Emery County Commissioner Drew Sitterud seems happy to pick up a check for Emery County for nearly $2 million from Kevin Carter, SITLA director. |
During Sen. Bennett’s Rural Business Conference conducted at the Carbon County Event’s Center several Utah counties received a past due payment from the land exchange distribution account.
The
funds were distributed by Kevin Carter of the School and Institutional Trust Lands Administration for mineral revenues coming from SITLA. The payments were delivered by hand to: •Carbon County – $2,096,614; Emery County – $1,980,520; Kane County – $690,934; Garfield County – $463,724; Sevier County – $411,255; San Juan County -$218,535; Cache County – $91,122; Wayne County – $88,594; Millard County – $68,337; Juab County – 43,480; and Grand County 31,885.
Receiving on behalf of Carbon County was commissioner Bill Krompel, who clarified the point that this payment would not effect the county’s payment in lieu of taxes or PILT. Emery County Commissioner Drew Sitterud was on hand to pick up Emery County’s check.
“From now on you will receive your money through the mail or electronically,” said Carter. “We won’t be tracking you down to deliver the checks by hand but we felt it was important to deliver this years payment by hand here at the conference.”
The distribution account was created by the Utah legislature in 2007 to redistribute that part of the mineral lease account that come from state lands acquired from the federal government through federally-legislated land exchanges.
The figures mentioned above represent one half year’s earnings for each county.
According to SITLA, when Utah traded out of the Grand Staircase/Escalante National Monument it acquired federal lands with oil, gas and coal resources.

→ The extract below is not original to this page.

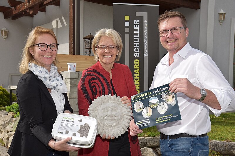 Der schwimmfähige Leichtbeton findet vielfältige Anwendungsmöglichkeiten im Kreativbereich (von der Blumenvase über allerlei Dekos bis zum Schneidbrett) und natürlich als Baustoff. Das große Potential, das in Schullers Leichtbeton steckt, erkannte auch die Marktgemeinde Oberwaltersdorf, wo der Leichtbeton u.a. als Baustoff für Blumenstraßentröge eingesetzt wird.

At the time of the exchange, federal law provided that 40 percent of mineral revenue from exchange lands would be shared with Utah.
To continue this flow of funds, SITLA agreed to direct half of mineral revenues from exchange lands to the state mineral lease account.
According to Carter, the intent of the exchange agreement was for mineral revenue from exchange lands to flow through the mineral lease account to counties where the mineral were produced. The legislature, however, reallocated portions of these revenues in 1999 to other funds including the Permanent Community Impact Board.
Governor Huntsman’s natural resources extraction impact working group recognized that it is legal to send these funds directly to county government, which is not permissible with mineral lease revenues coming from federal lands and recommended the creation of the account to distribute the revenue.
The account distributions allow local governments to decide how best to mitigate adverse impacts attributable to mineral development on exchange lands, without the need for routing the funds through the mineral lease account or other entities.
Furthermore the distribution account representatives sends money back to the counties of extraction to mitigate impacts and sends money to counties which give up trustlands in land exchanges and thereby may lose the opportunity for economic development from said lands.
In Utah, 27 counties receive direct distributions of funds for these purposes.
The 2007 legislature failed through a clerical error to appropriate funds for full distributions of all funds collected by LEDA. The 2008 legislature authorized a supplemental appropriations for all amounts collected in the fiscal year 2008 and fully authorized distributions for fiscal year 2009, according to SITLA.
“The current checks represent slightly more than two quarters of productions. Future distributions will be made quarterly,” said Carter.